How to complete this task
Pictures aside, write out every record exactly as it appears.

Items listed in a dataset
::::::::

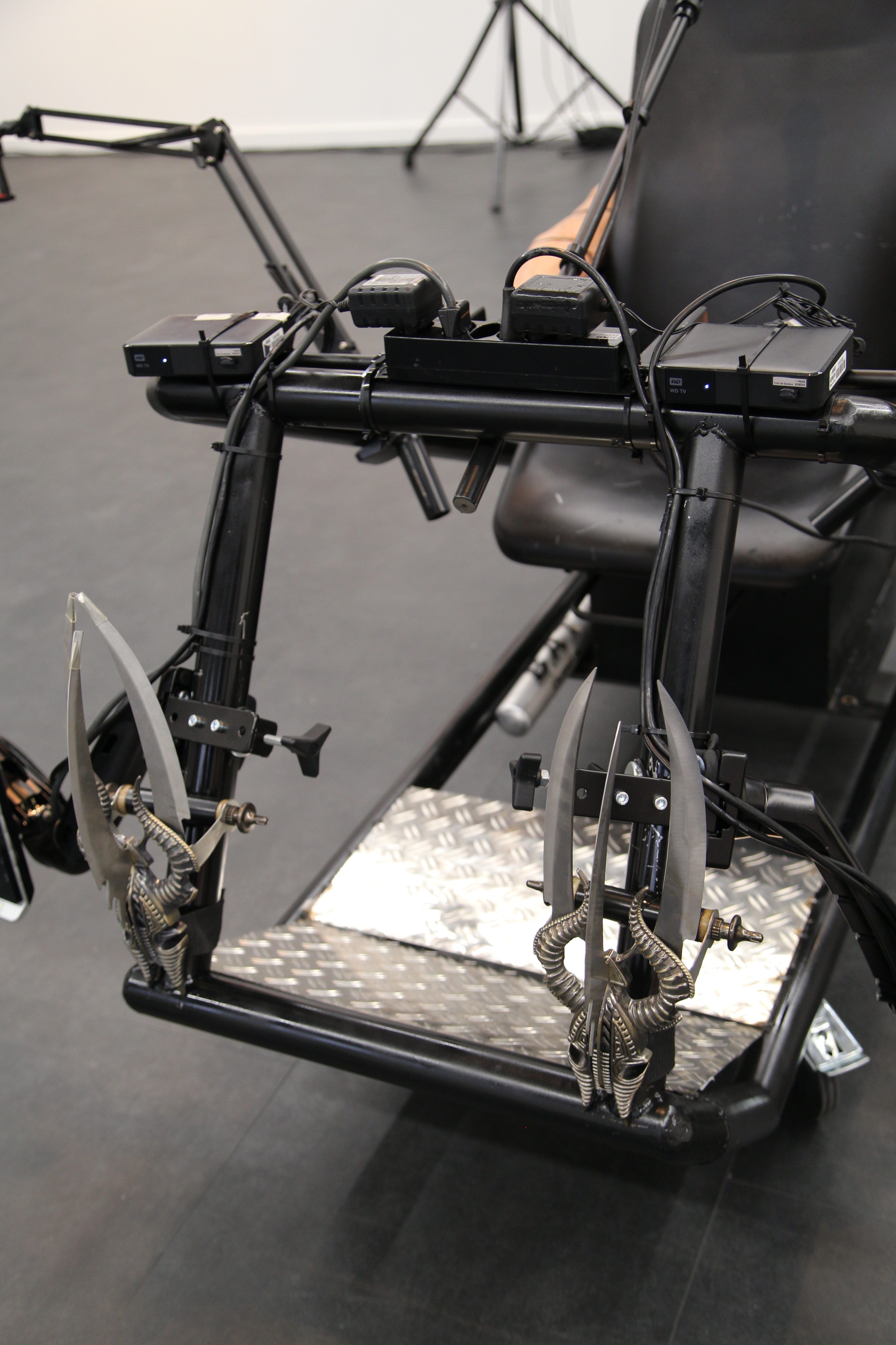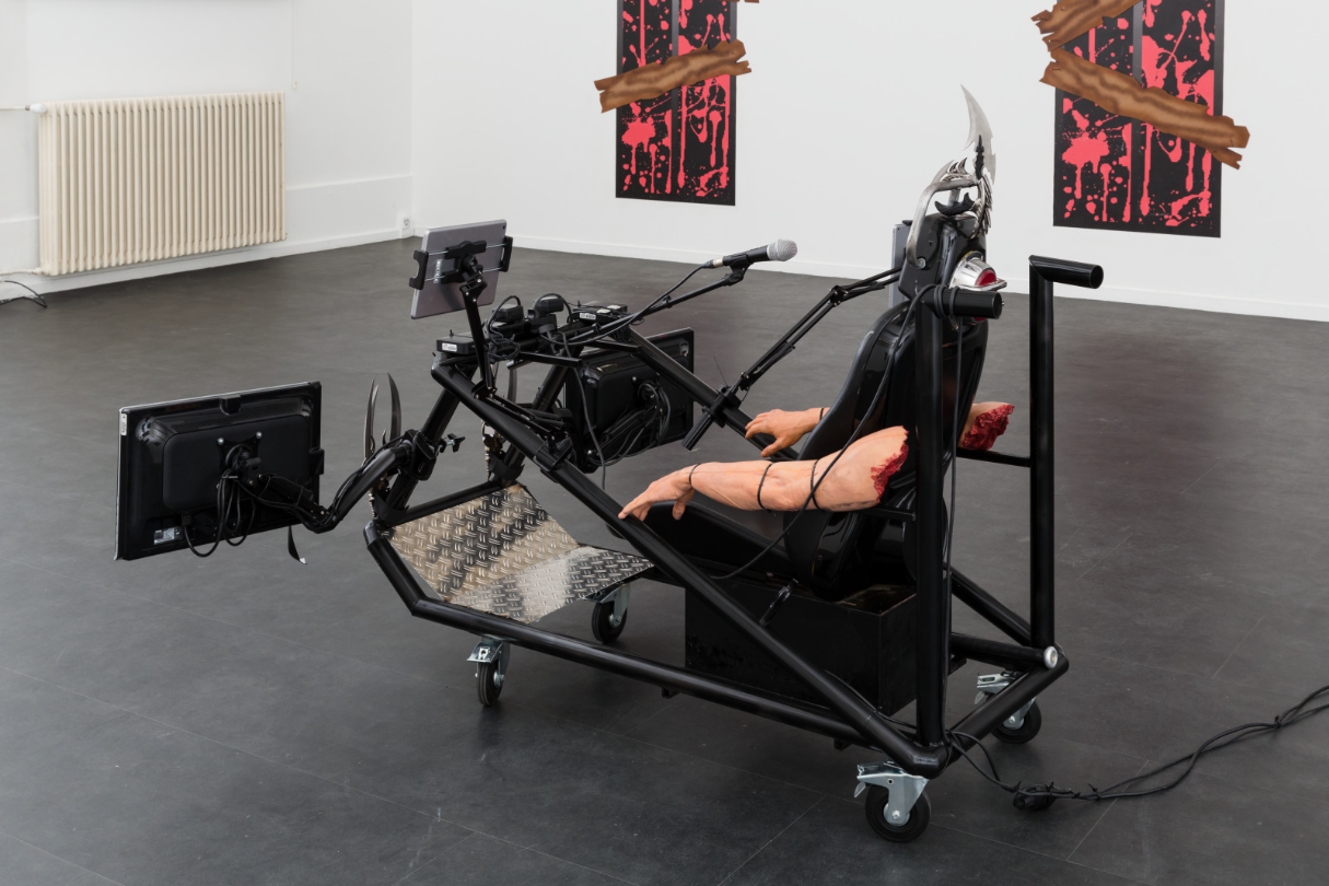 The cart that carries Mathilde Fernandez was conceived by Cécile di Giovanni. Echoing the metaphor of a boat crossing between shores and gradually encountering fragments of memory, here, in the form of problematic videos from online influencers, di Giovanni envisioned a kind of 2.0 vessel, drawing inspiration from a low-tech, hacker-inspired imaginary.
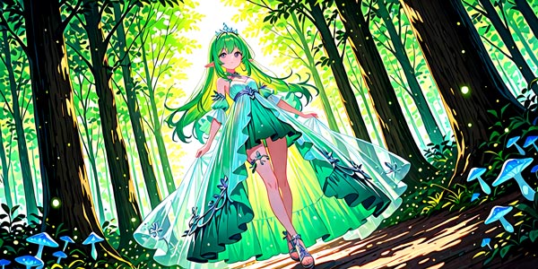 | 光と色調 | Warm dappled light, green-brown contrast, dramatic shadows | 温かい木漏れ日色、緑と茶のコントラスト、陰影のドラマ性 |
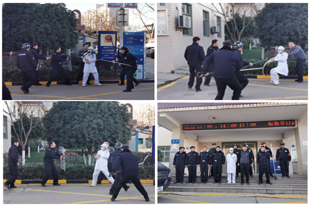 首先,演练模拟“情绪失控的患者”在医院内“袭击”医务人员的场景。演练开始,保卫科接到报警携带装备火速赶到事发现场,从各路口形成包围,首先利用装备隔离群众,同时对施暴分子进行劝导,控制现场。并立即拨打110报警电话,驻地派出所接到报警后最快时间赶赴医院事发现场,联合保卫人员成功将“情绪失控的患者”制服。然后,演练模拟“歹徒”在医院路边“拦路抢劫”行人的场景。听到呼叫后,保卫科巡逻人员火速赶到事发现场,利用装备控制歹徒,同时驻地派出所民警对歹徒进行劝导,控制现场。联合保卫人员成功将“歹徒”制服。
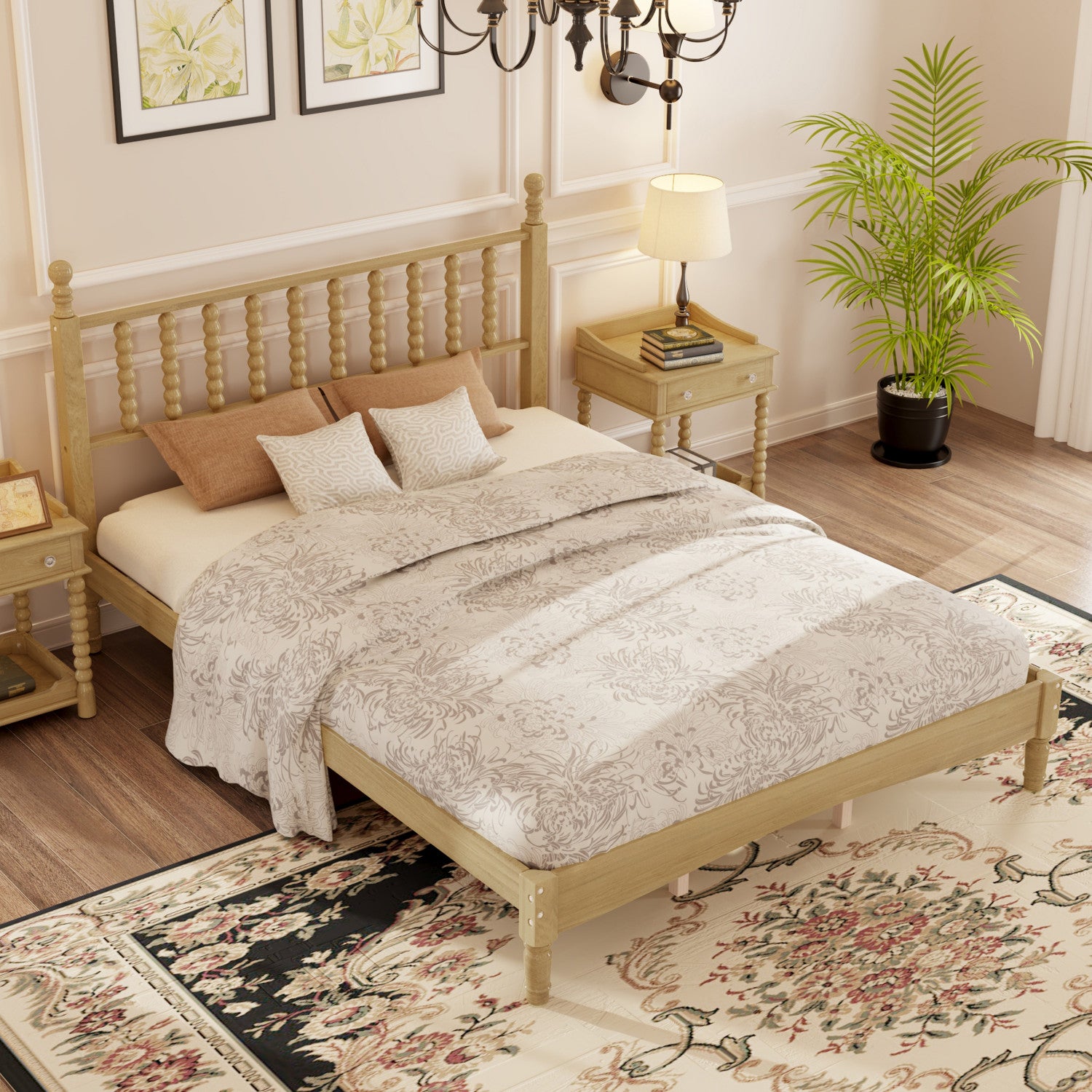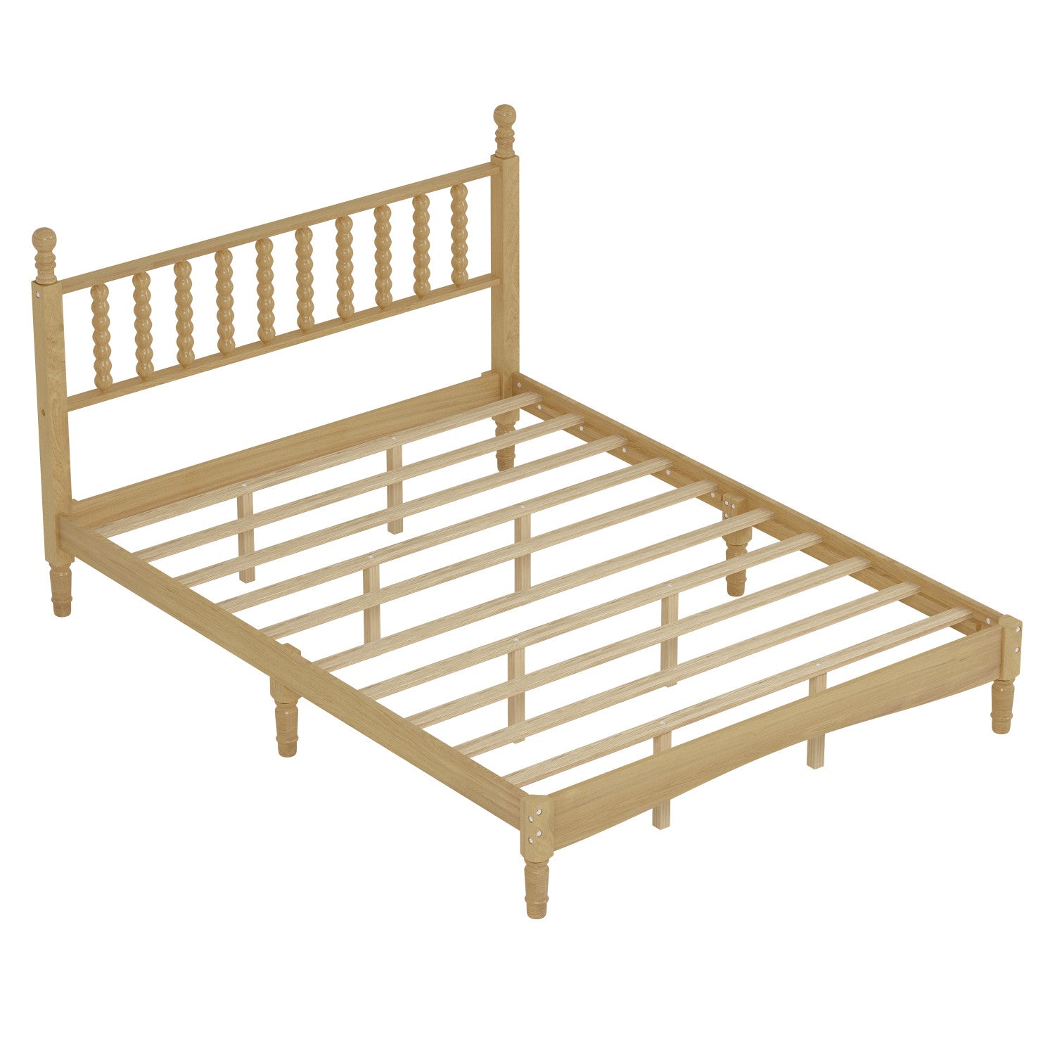 Oliver Retro Wood Platform Bed with Gourd Shaped Headboard and Sturdy Wooden Slat Support,Queen Size,Natural Queen Bed
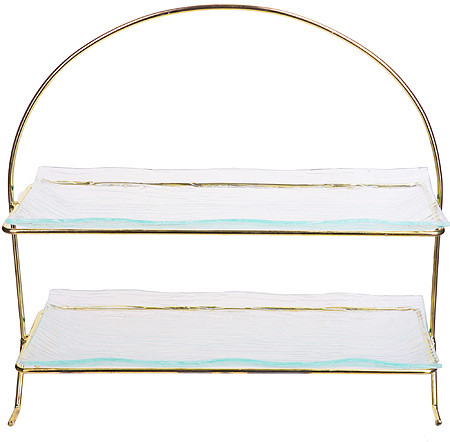 Loraine Блюдо 2-х ярусное на подставкеВ данный момент этот товар отсутствует в продаже. Возможно, у нас найдется аналогичный или похожий товар здесь. Элегантное блюдо, выполненное из стекла, сочетает в себе изысканный дизайн с максимальной функциональностью. Блюдо предназначено для красивой подачи на стол конфет, фруктов и десертов. Подставка выполнена из стали с золотым покрытием. Блюдо украсит сервировку вашего стола и подчеркнет прекрасный вкус хозяина, а также станет отличным подарком. |
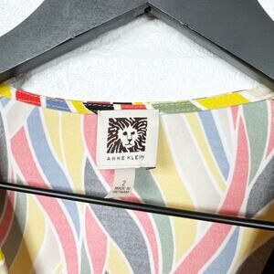 Anne Klein faux wrap dress in a colorful geometric swirl print with 3/4 sleeves and side tie detail.
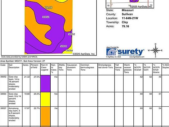 81 ac Sullivan County being split off of 165 ac, approximately 58 ac tillable owner willing to sign a 3-year lease for $250 an acre. The 165 ac has a hunting lease in place for 2025 deer season paying $5500 per year. Priced at $5200 per acre
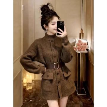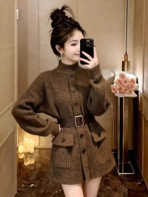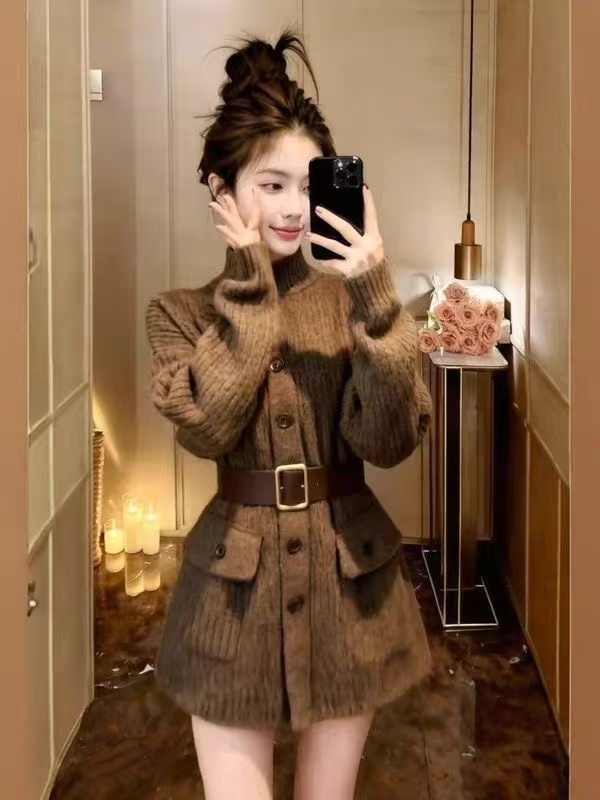 FA52190# 美拉德风棕色立领针织连衣裙女秋冬季收腰高级感气质毛衣裙子 服裝批發女裝批發服飾貨源
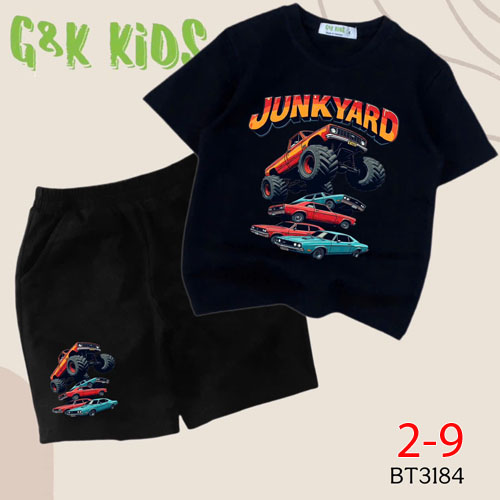 A508092 - Bộ bé trai chất thun coton 4c mềm mịn in xe YUNKYARD_Size 2-9
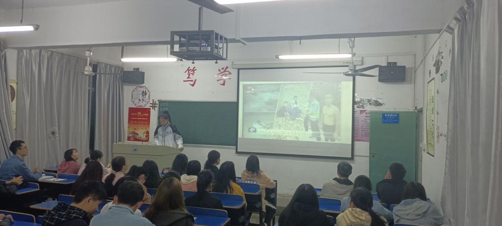 活动伊始,主持人让同学们观看了有关王亮同志先进事迹的视频,视频中王亮同志尽己所能的快速对溺水人员做心肺复苏,在看到那一刻,同学们被那与死亡赛跑的速度感动了。一次次的按压,一次次的人工呼吸表现出来的是王亮同志对自己人民子弟兵身份的最好解答。“我是一名军人,这是我应该做的,看到谁,我都会去救的。”救人时从未想过获此荣光,但社会是明白人,看得到他的英勇事迹。接下来主持人通过PPT向同学们展示了王亮同志获奖时的风采,标准的军姿和坚定的眼神是他对这次荣光的淡然。
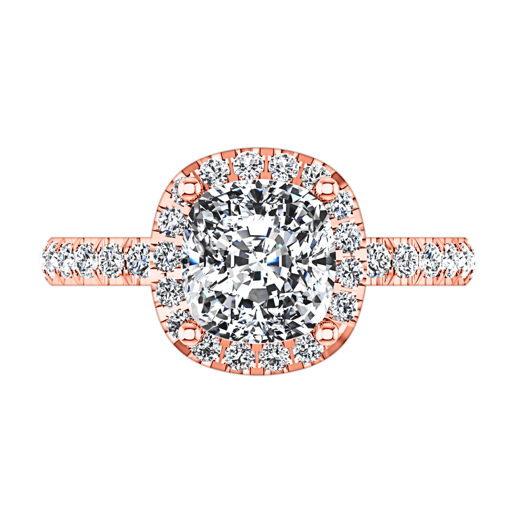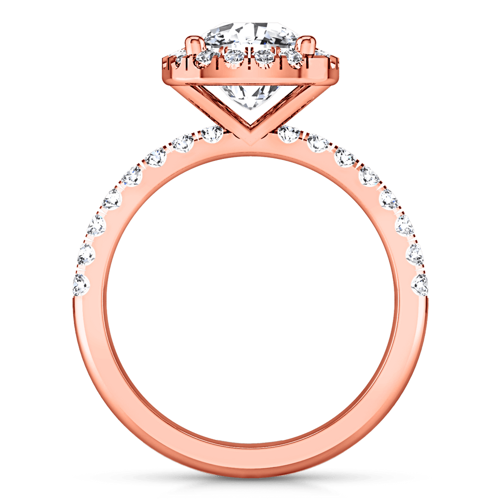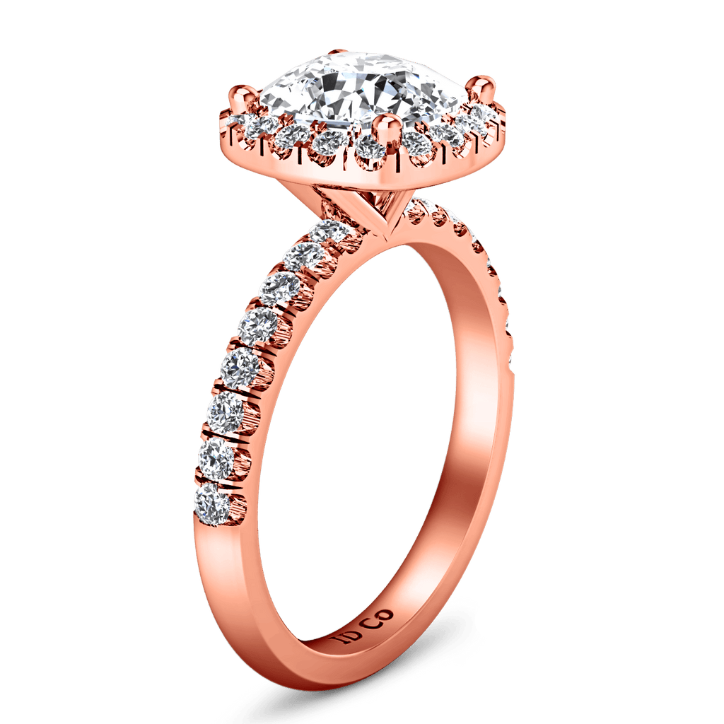 Your shimmering center diamond is gently caressed on all sides by demure and shimmering diamonds in this halo design with delicate bead set diamonds along the shank. Featured with 0.6 carats of pave diamonds in 14k rose gold with an average width of 2mm . This ring is fully customizable, so pick your center diamond size, color and clarity and we will custom build it for you.

::::::::

Solution to this exercise
 The cart that carries Mathilde Fernandez was conceived by Cécile di Giovanni. Echoing the metaphor of a boat crossing between shores and gradually encountering fragments of memory, here, in the form of problematic videos from online influencers, di Giovanni envisioned a kind of 2.0 vessel, drawing inspiration from a low-tech, hacker-inspired imaginary.
 | 光と色調 | Warm dappled light, green-brown contrast, dramatic shadows | 温かい木漏れ日色、緑と茶のコントラスト、陰影のドラマ性 |
 首先,演练模拟“情绪失控的患者”在医院内“袭击”医务人员的场景。演练开始,保卫科接到报警携带装备火速赶到事发现场,从各路口形成包围,首先利用装备隔离群众,同时对施暴分子进行劝导,控制现场。并立即拨打110报警电话,驻地派出所接到报警后最快时间赶赴医院事发现场,联合保卫人员成功将“情绪失控的患者”制服。然后,演练模拟“歹徒”在医院路边“拦路抢劫”行人的场景。听到呼叫后,保卫科巡逻人员火速赶到事发现场,利用装备控制歹徒,同时驻地派出所民警对歹徒进行劝导,控制现场。联合保卫人员成功将“歹徒”制服。
 Oliver Retro Wood Platform Bed with Gourd Shaped Headboard and Sturdy Wooden Slat Support,Queen Size,Natural Queen Bed
 Loraine Блюдо 2-х ярусное на подставкеВ данный момент этот товар отсутствует в продаже. Возможно, у нас найдется аналогичный или похожий товар здесь. Элегантное блюдо, выполненное из стекла, сочетает в себе изысканный дизайн с максимальной функциональностью. Блюдо предназначено для красивой подачи на стол конфет, фруктов и десертов. Подставка выполнена из стали с золотым покрытием. Блюдо украсит сервировку вашего стола и подчеркнет прекрасный вкус хозяина, а также станет отличным подарком. |
 Anne Klein faux wrap dress in a colorful geometric swirl print with 3/4 sleeves and side tie detail.
 81 ac Sullivan County being split off of 165 ac, approximately 58 ac tillable owner willing to sign a 3-year lease for $250 an acre. The 165 ac has a hunting lease in place for 2025 deer season paying $5500 per year. Priced at $5200 per acre
 FA52190# 美拉德风棕色立领针织连衣裙女秋冬季收腰高级感气质毛衣裙子 服裝批發女裝批發服飾貨源
 A508092 - Bộ bé trai chất thun coton 4c mềm mịn in xe YUNKYARD_Size 2-9
 活动伊始,主持人让同学们观看了有关王亮同志先进事迹的视频,视频中王亮同志尽己所能的快速对溺水人员做心肺复苏,在看到那一刻,同学们被那与死亡赛跑的速度感动了。一次次的按压,一次次的人工呼吸表现出来的是王亮同志对自己人民子弟兵身份的最好解答。“我是一名军人,这是我应该做的,看到谁,我都会去救的。”救人时从未想过获此荣光,但社会是明白人,看得到他的英勇事迹。接下来主持人通过PPT向同学们展示了王亮同志获奖时的风采,标准的军姿和坚定的眼神是他对这次荣光的淡然。
 Your shimmering center diamond is gently caressed on all sides by demure and shimmering diamonds in this halo design with delicate bead set diamonds along the shank. Featured with 0.6 carats of pave diamonds in 14k rose gold with an average width of 2mm . This ring is fully customizable, so pick your center diamond size, color and clarity and we will custom build it for you.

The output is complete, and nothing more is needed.